What you have to do
With every picture left out, give the data below back exactly.

Available data

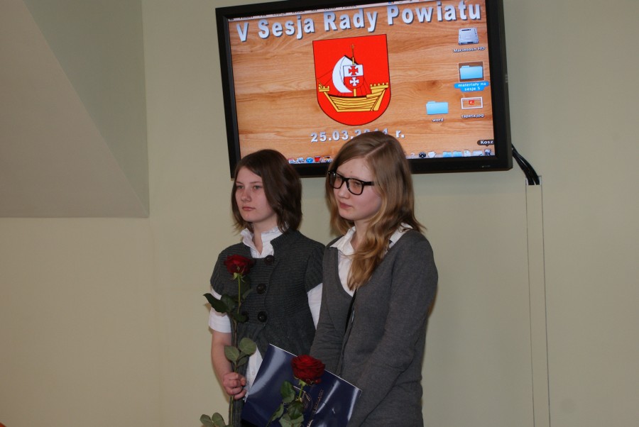 Wicestarosta Maciej Romanowski wręczył także listy gratulacyjne i drobne upominki uczestniczkom powiatowego etapu konkursu „Ośmiu wspaniałych”. Celem konkursu jest promowanie pozytywnych zachowań, postaw dzieci i młodzieży oraz upowszechnianie młodzieżowego wolontariatu. W tym roku wyróżnione zostały Anita Jędrzejewska - uczennica II klasy Gimnazjum w Tolkmicku, uczennica III klasy Gimnazjum w Stankowie.
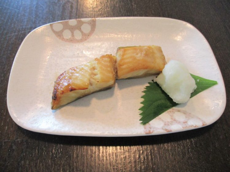 ご飯、豆腐のみそ汁、ホッケの醬油漬け焼き、白菜と帆立の炒め煮、オクラの甘酢和え、
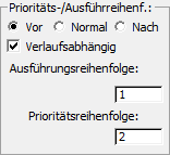 Unteroperatoren vom Typ "Ausgabe", einschließlich "Betragsänderung", verfügen über Optionen, mit denen sie die Prioritäts- und Ausführungsreihenfolge definieren können. Beim Erstellen komplexer Einrichtungen ist es wichtig, diese Optionen zu beachten.

Response
 Wicestarosta Maciej Romanowski wręczył także listy gratulacyjne i drobne upominki uczestniczkom powiatowego etapu konkursu „Ośmiu wspaniałych”. Celem konkursu jest promowanie pozytywnych zachowań, postaw dzieci i młodzieży oraz upowszechnianie młodzieżowego wolontariatu. W tym roku wyróżnione zostały Anita Jędrzejewska - uczennica II klasy Gimnazjum w Tolkmicku, uczennica III klasy Gimnazjum w Stankowie.
 ご飯、豆腐のみそ汁、ホッケの醬油漬け焼き、白菜と帆立の炒め煮、オクラの甘酢和え、
 Unteroperatoren vom Typ "Ausgabe", einschließlich "Betragsänderung", verfügen über Optionen, mit denen sie die Prioritäts- und Ausführungsreihenfolge definieren können. Beim Erstellen komplexer Einrichtungen ist es wichtig, diese Optionen zu beachten.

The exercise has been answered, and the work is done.